Um “estrangeirado”, João Jacinto de Magalhães, é uma das figuras mais importantes da comunidade científica europeia do século XVIII. Fabrica relógios e outros instrumentos científicos.

Veríssimo Alves Pereira e Augusto Justiniano de Araújo, amigos, dominam o século XIX português em termos de relojoaria. O primeiro, inventor e promotor de relógios mecânicos de hora universal e de relógios de sol que assinalavam sonoramente o meio-dia (meridianos), regulou o tempo público do Porto e de Lisboa, a partir da Torre dos Clérigos, do Castelo de São Jorge, ou da Escola Politécnica. O segundo, que também inventou relógios de hora universal, foi o fundador da Escola de Relojoaria da Casa Pia.

Algumas colecções privadas (Carvalho Monteiro, Medeiros e Almeida), ou públicas (família real, no Palácio da Ajuda) são referidas.

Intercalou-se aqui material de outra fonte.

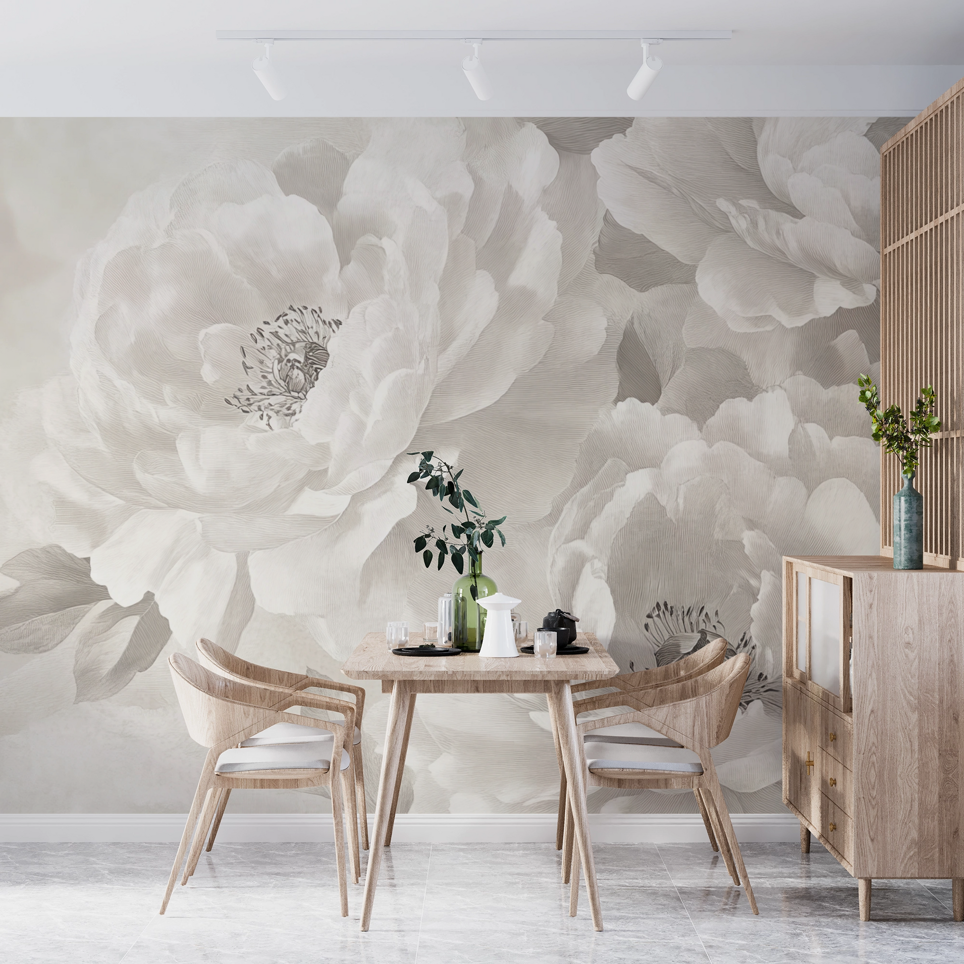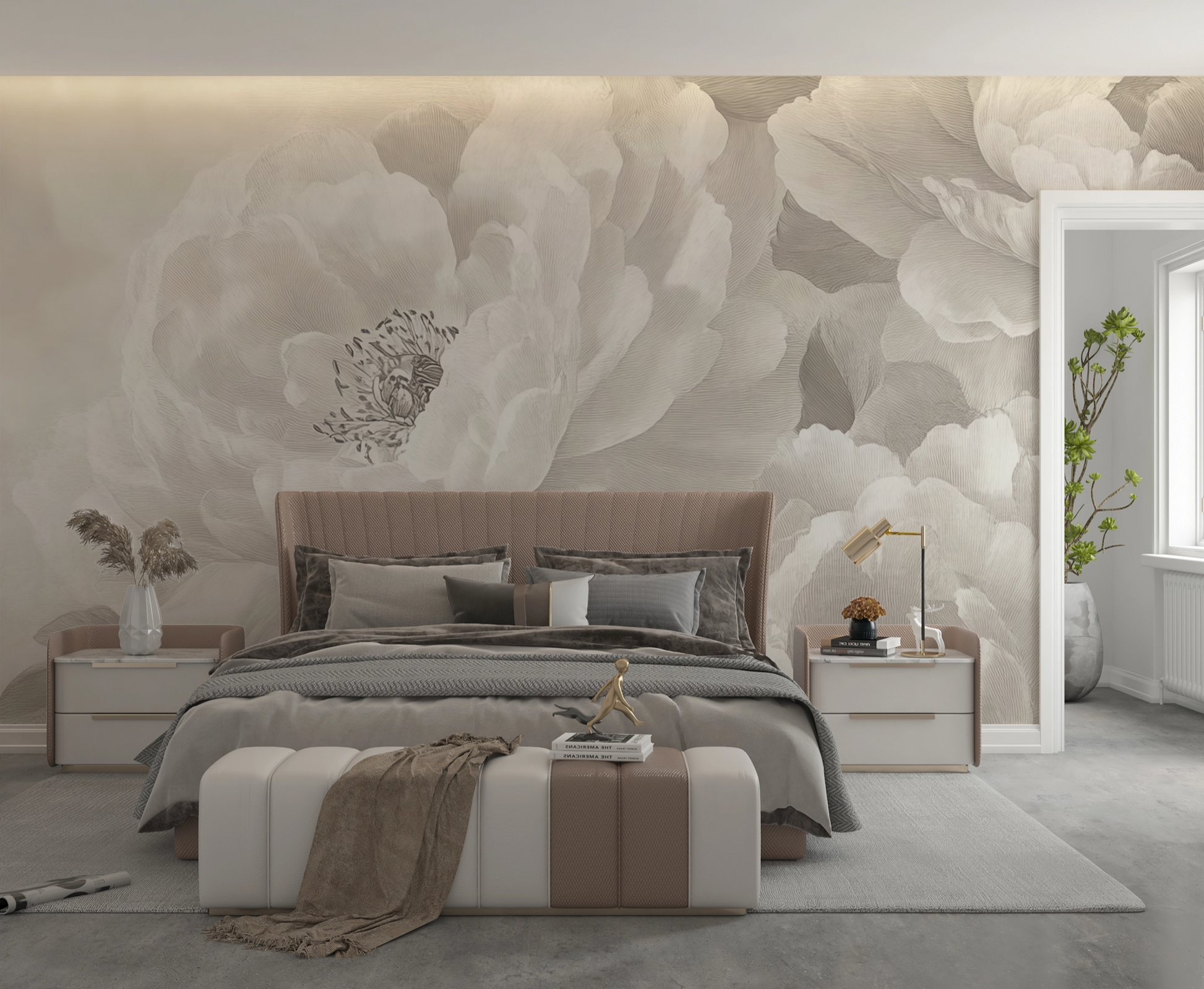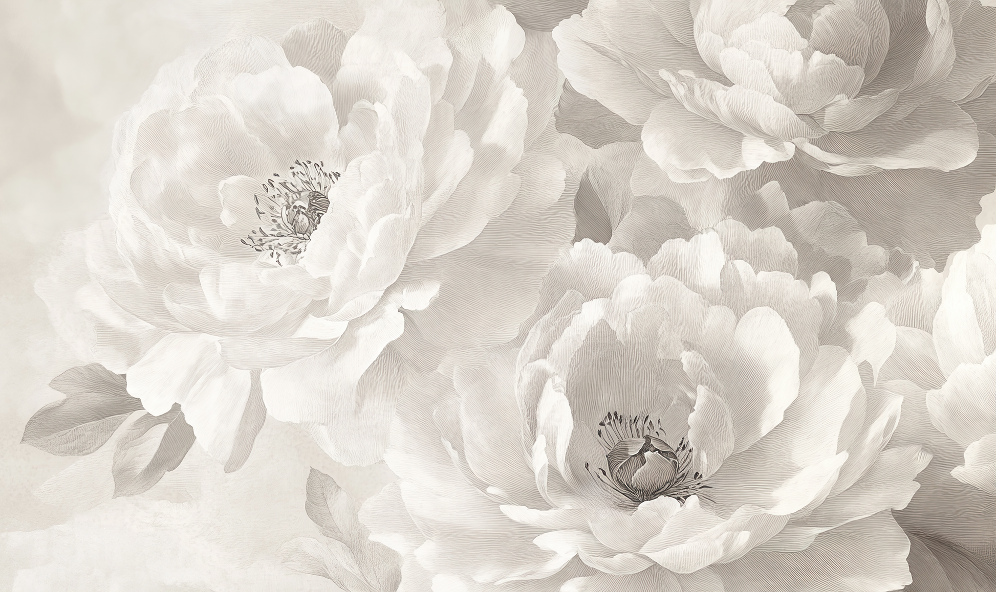 This mural combines classic elegance with modern restraint. "Flower Poetry in Sepia" features finely illustrated peonies in warm natural and sepia tones—a composition full of harmony, grace, and quiet power. The hand-drawn lines and delicate shading give the motif an almost textile feel—like a floral work of art on high-quality paper. This digital wallpaper is perfect for calm, stylish interior designs—from elegant bedrooms to sophisticated living rooms or bathrooms. It brings lightness, depth, and timeless sophistication to the wall and combines beautifully with light natural materials, muted colors, or minimalist furnishings.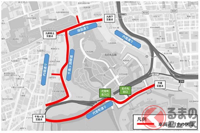 代官町通りが通行止めになるため、首都高都心環状線の代官町出入口と北の丸出口も利用できません。
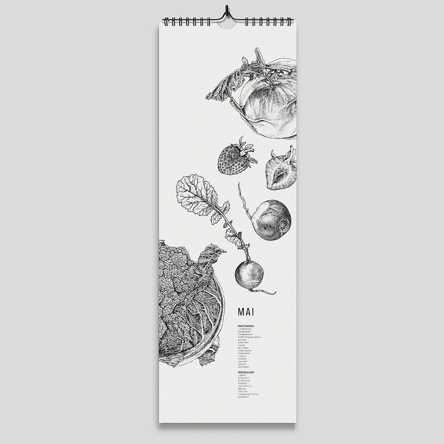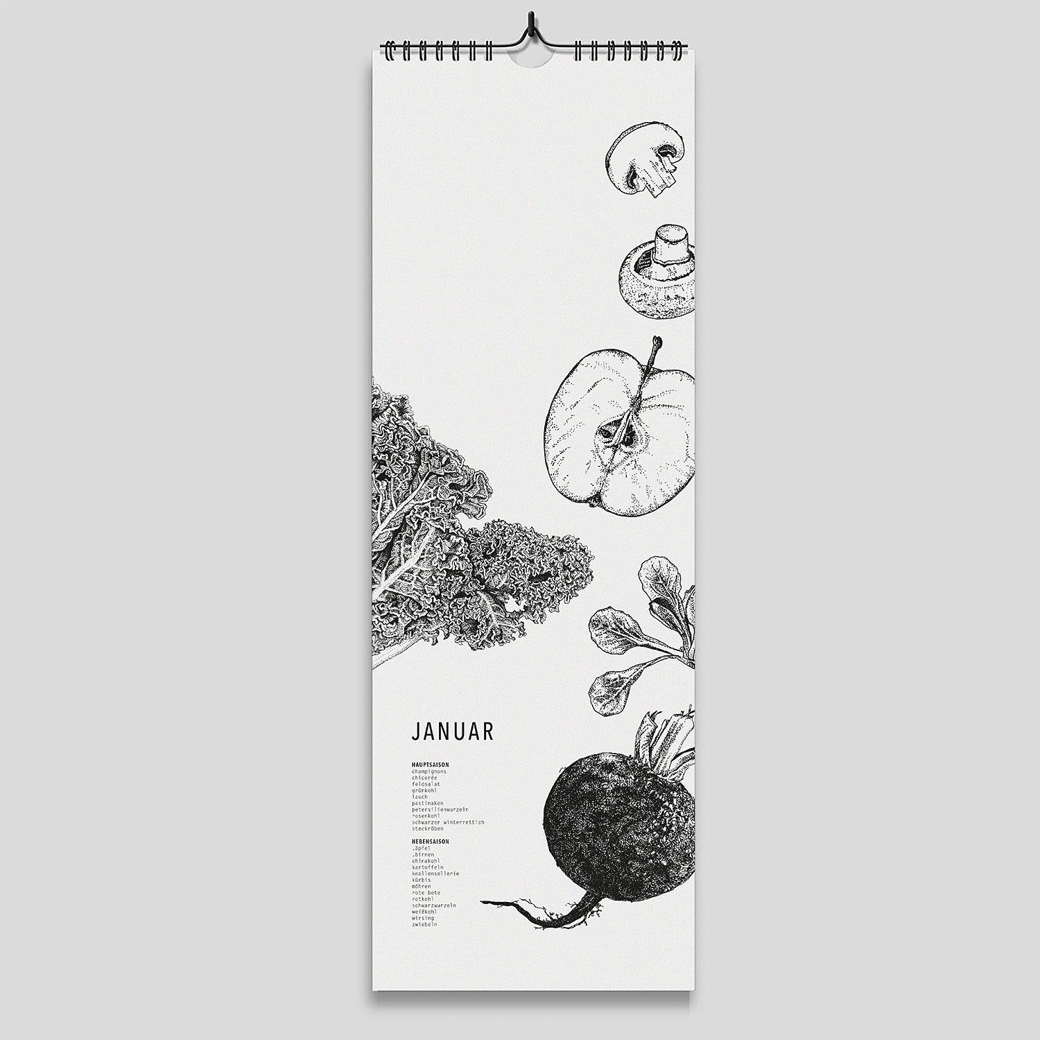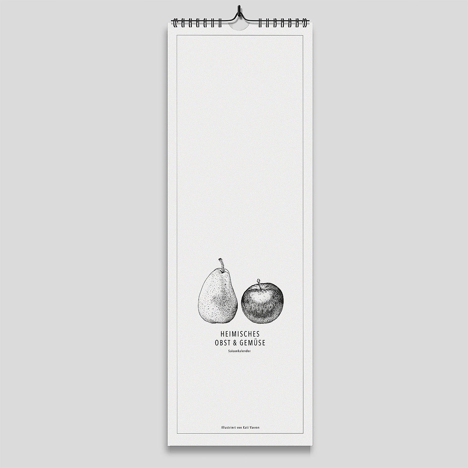 Monat für Monat wird das saisonale Obst und Gemüse Deutschlands angezeigt – aufgeteilt in Haupt- und Nebensaison. Durch das schmale Format und die minimalistische Gestaltung passt der Kalender sehr gut in die Küche. So kannst du dich vor dem Kochen inspirieren lassen und nachhaltig einkaufen.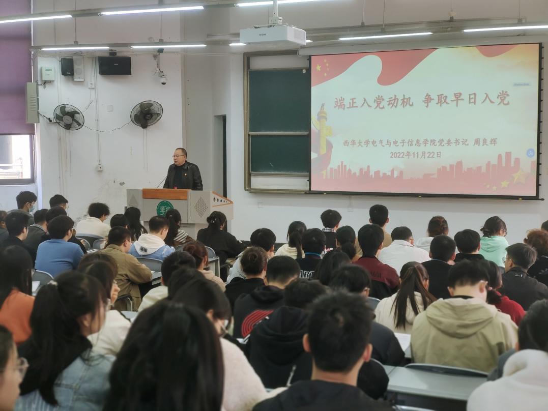 11月22日,伟德国际1946党委书记周良辉,以“端正入党动机、争取早日入党”为题,在6B-301教室为学院第49期党校入党积极分子培训班学员、发展对象培训班学员讲党课,共139位学员参加了本次党课学习。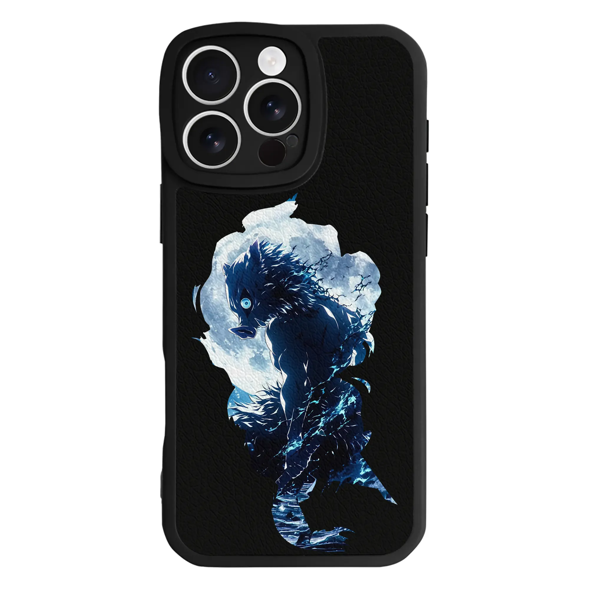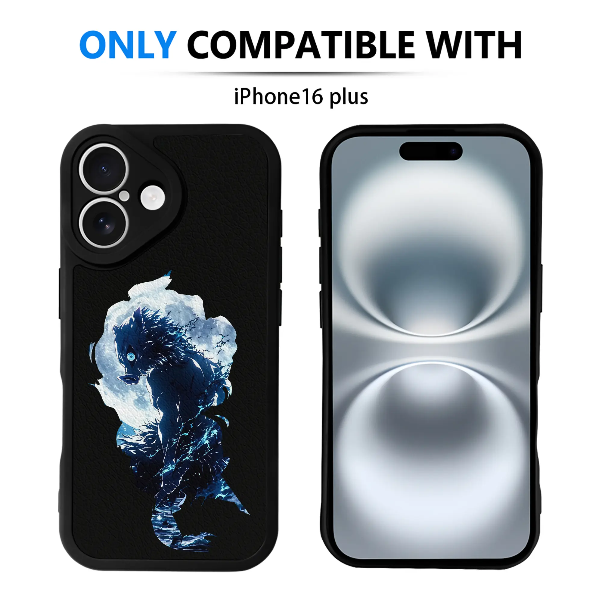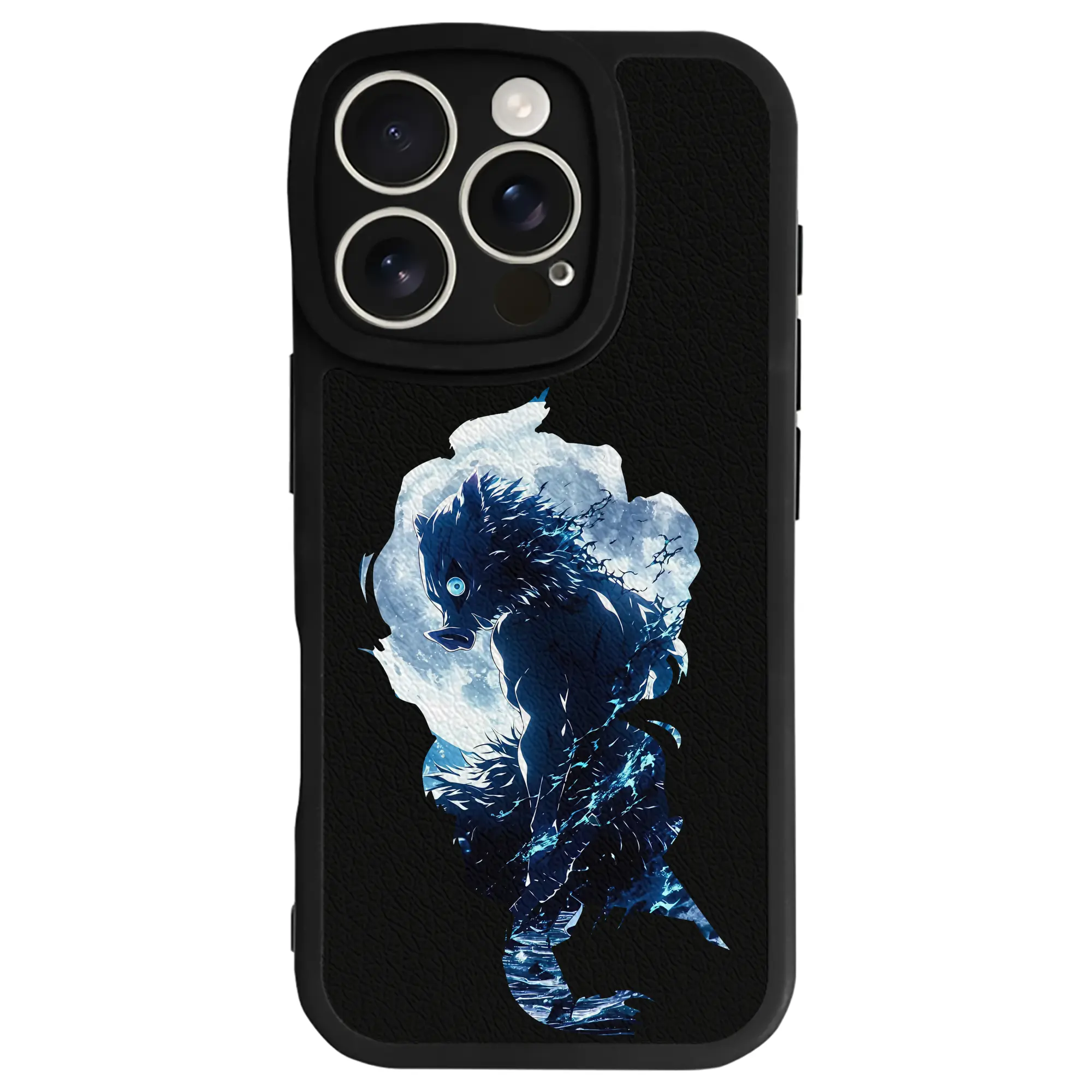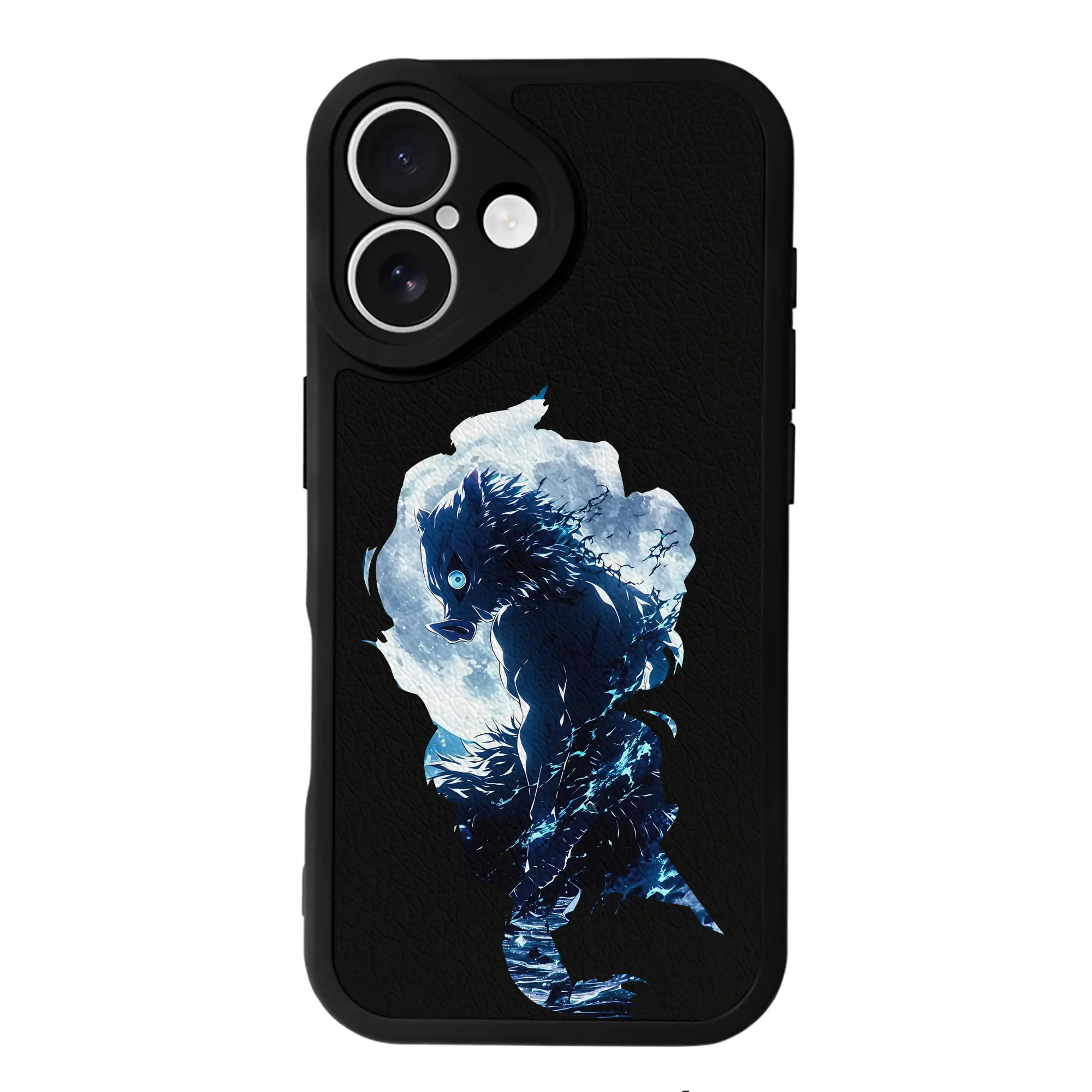 鬼滅の刃 グッズ,嘴平 伊之助 - IPhone 16シリーズ対応 ・ シリコンスマホケース ・ レザー調 ・ 高精度フィット ・ 耐衝撃 ・ ワイヤレス充電対応 ・ 精密カット

Os casos de A Boa Reguladora e de A Boa Construtora, exemplos de relojoaria de fabrico nacional, bem como os de Dimas de Melo Pimenta (introdutor da relojoaria moderna no Brasil) ou de Germano Silva (construtor de relógios monumentais nos Estados Unidos) são igualmente tratados.

O estado de abandono generalizado a que estão votados os relógios de torre em Portugal é realçado ao longo da obra, defendendo-se um levantamento urgente dos exemplares e a sua recuperação.

Um último pormenor, sobre a capa do livro: na foto, o relógio do Arco da Rua Augusta. Apesar de parado, como a maioria dos relógios públicos deste país, está certo pelo menos duas vezes por dia….

Desde que a obra póstuma de Sousa Viterbo sobre o tema da Relojoaria foi publicada, há cerca de um século, quase mais nada se escreveu sobre uma questão cada vez mais multidisciplinar, que tem merecido a atenção crescente em todos os países do Ocidente.

Praticamente um século depois, eis aqui apenas um ponto de partida para quem se queira interessar sobre ela. Que não demore mais um século a escrever-se sobre o Tempo, a Relojoaria e as Mentalidades em Portugal.